From an evolutionary point of view, humans are built to feel wonder. To have their curiosity sparked. It’s a form of progress. Wonder should be a creative event. It appeared when you saw something truly new, when you heard something you had never heard before, when you encountered something that changed your perspective. And people learned. And progressed. Through qualitative leaps built on quantitative accumulation. Then, at some point, the modern era arrived. An era that gave us more and more of what we might call the permanent novelty of information. When newspapers became a constant for the masses, the permanence of novelty had a daily cycle: you picked up the paper in the morning and knew that until the next morning, you wouldn’t receive another one, no new information. Then came the radio, which drastically reduced the cycle at which we received information. Then television arrived, on the same “instant” principle. And then came digital. Which, in short, went “boooooom” with everything that had to do with cyclical periodicity as the basis for how we received information. In digital, not only can we receive information at any time, but we can also access it ourselves whenever we want, however we want. And as a major leap (we don’t know if it’s also a qualitative one…), we can do this anywhere.
The difference between, say, television and digital is also one of location, if you like. To watch TV, you had to stay in a fixed place. You couldn’t carry the television around with you wherever you went.

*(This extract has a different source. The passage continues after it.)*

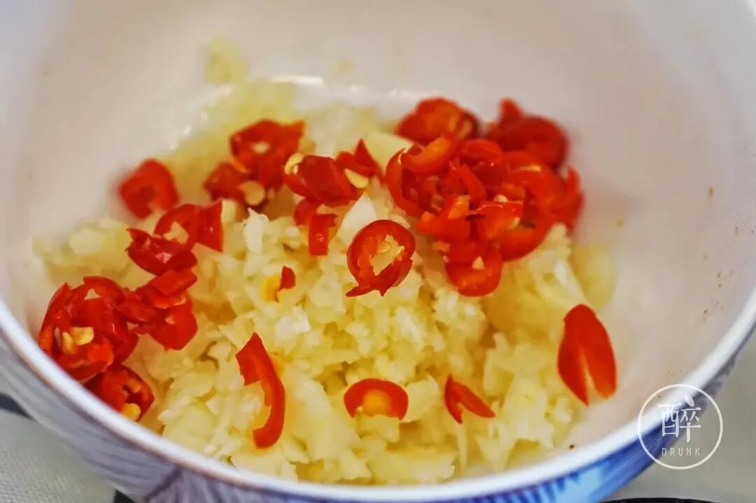 一个是四川人的万能蘸水:小米辣+蒜,加一点原汤或者香油都好吃。

You had to return to the space where the TV was working in order to watch it. Digital completely eliminated this limitation. But actually, it wasn’t digital. It was the phone. This device that is, in many ways, the most personal device in the history of humanity. The phone has, in fact, trivialized wonder. Because through the phone, more and more, we experience the world around us. Today we see hundreds of “new” things every day, but we no longer feel anything new. In place of wonder, a void has remained. And the major problem is that this void doesn’t stay empty. It gets filled with something else: anger, hatred, polarization, cynicism, sarcasm, distrust. Which is exactly what we see all around us.
The fuel that powers people’s presence in digital today, the fundamental axiom of how this ecosystem functions, is this: people no longer react to information (novelty, therefore), but to strong emotions. And when novelty (real or imagined) is transmitted through strong emotions, then buckle up. And algorithms don’t just know this. They rely on it. That’s why they keep poking at our emotional fences. Constantly. More and more intrusively. Algorithms no longer primarily compete for people’s attention. They compete for emotions in a world where people no longer know how to feel wonder. Attention is just the gateway into their souls.

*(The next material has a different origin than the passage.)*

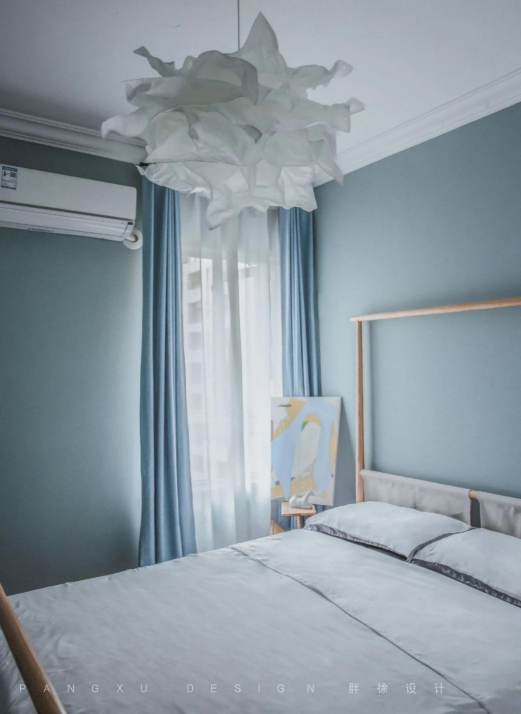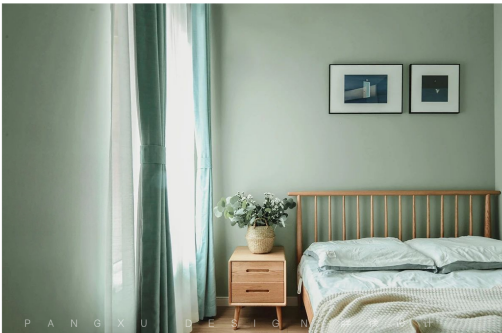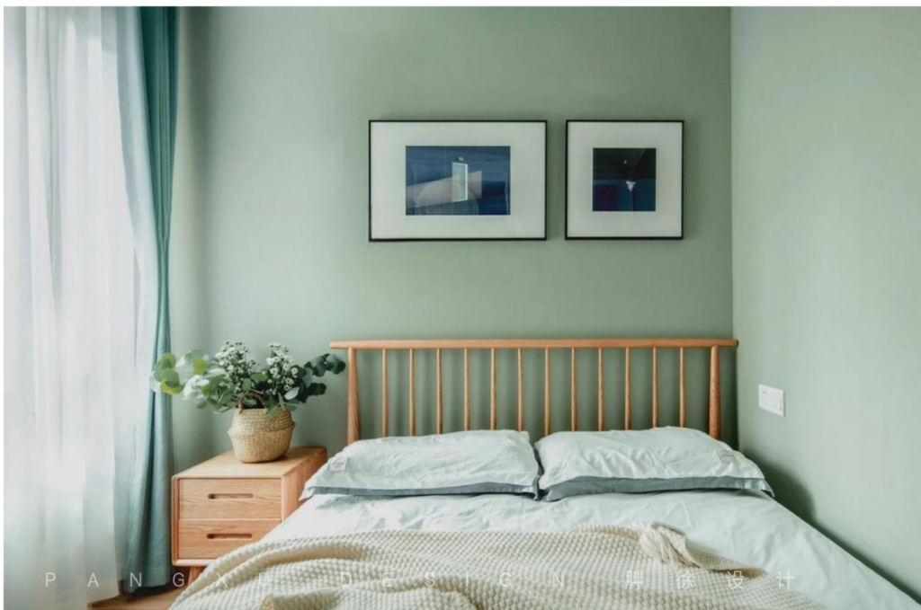 @胖徐设计工作室:次卧的主色调是代表春天的绿色,整个清新的绿色设计也使得窗户和空间不够大的次卧看起来也很明亮。

Why are we talking about algorithms? Because for the first time in the history of marketing, the algorithm itself is a target audience segment for any brand. If we don’t “target” algorithms through marketing, then algorithms won’t “index” us and, as a result, won’t bring us into the attention of other people (whom only algorithms can reach).
This is the context in which digital marketing in 2026 must be understood. Without this framing, it will be very difficult to do effective marketing. And we’ll keep asking ourselves, “What am I doing wrong?” And most likely, from a technical standpoint, there’s nothing wrong at all. Just a strategic perception error, if you will. Which I aim to help you avoid through these lines.

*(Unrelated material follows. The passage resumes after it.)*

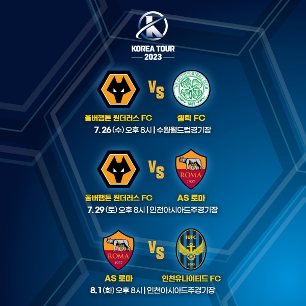지난달 11일 언터처블 스포츠 클럽(USG)은 보도자료를 통해 7월 말 3개 구단이 방한할 예정이라고 전한 바 있다. 방한 구단은 울버햄프턴(잉글랜드)·셀틱(스코틀랜드)·로마다. 이들은 인천 유나이티드와 함께 7월 26일부터 8월 1일까지 3차례 친선경기를 펼치는 것으로 알려졌다. 세 팀 모두 이번이 첫 한국 방문이었다.

From my point of view (and with many millions of euros in and from marketing behind me), digital marketing today is five to seven times more complicated than it was in 2016. Which, for a brand, means two major increased costs: 1. Higher media budgets (the money that goes to the big platforms) 2. Higher management costs (more agencies, more spreadsheets, more decisions to make, etc.).
If ten years ago digital marketing was about “being present online,” about posts and ads, in 2026 digital marketing has become an exercise in organizational engineering. And I say this with sadness. And with the sigh of someone who is about to mark 20 years of doing digital marketing. In the beginning, it was primarily about creativity. Now it is, first and foremost, about organizing marketing activity.
At Kooperativa 2.0, we work with 44 types of digital marketing that we can offer our clients. Yes, you read that right: 44. And for each type, very precise implementation organization is needed. With lots of spreadsheets. Today, marketing is still creativity, that’s true. But it’s somewhere near the end of the list. Because first and foremost, it means automations, integrations between applications, funnels, data, analytics, AI, email flows, remarketing, pixels, etc., etc., etc. And acronyms (more and more acronyms…), whose meanings are becoming harder and harder to understand: CPA, CAC, ROAS, CPM, LTV, etc., etc., etc.
In 2026, it no longer matters which channels you are present on. What matters is how they all connect to each other. And how well you manage to create these connections. And how efficiently you manage this web. The winners are no longer those who are everywhere, but those who have a coherent system that tells them where to be present most effectively. This increase in complexity didn’t come only from technology (which has undoubtedly exploded). It also came from market expectations. Customers expect personalized, fast, coherent experiences—“something I like.” And to deliver that, companies are forced to build increasingly sophisticated infrastructures.
At the same time, AI has democratized superficial quality. Today, almost anyone can generate good posts, good texts, good visuals, and even decent campaigns. “Good” has become the new banal. To do something “better,” you need an entire strategic and operational arsenal.
And on top of all this, a new phenomenon has settled in: digital fatigue. Customers are tired. Marketers are tired. Entrepreneurs are tired. People no longer want more content. They want more meaning. But everyone is searching for this meaning (which, fortunately or unfortunately, cannot be automated) by consuming more and more. A vicious circle from which, it seems, there is little escape.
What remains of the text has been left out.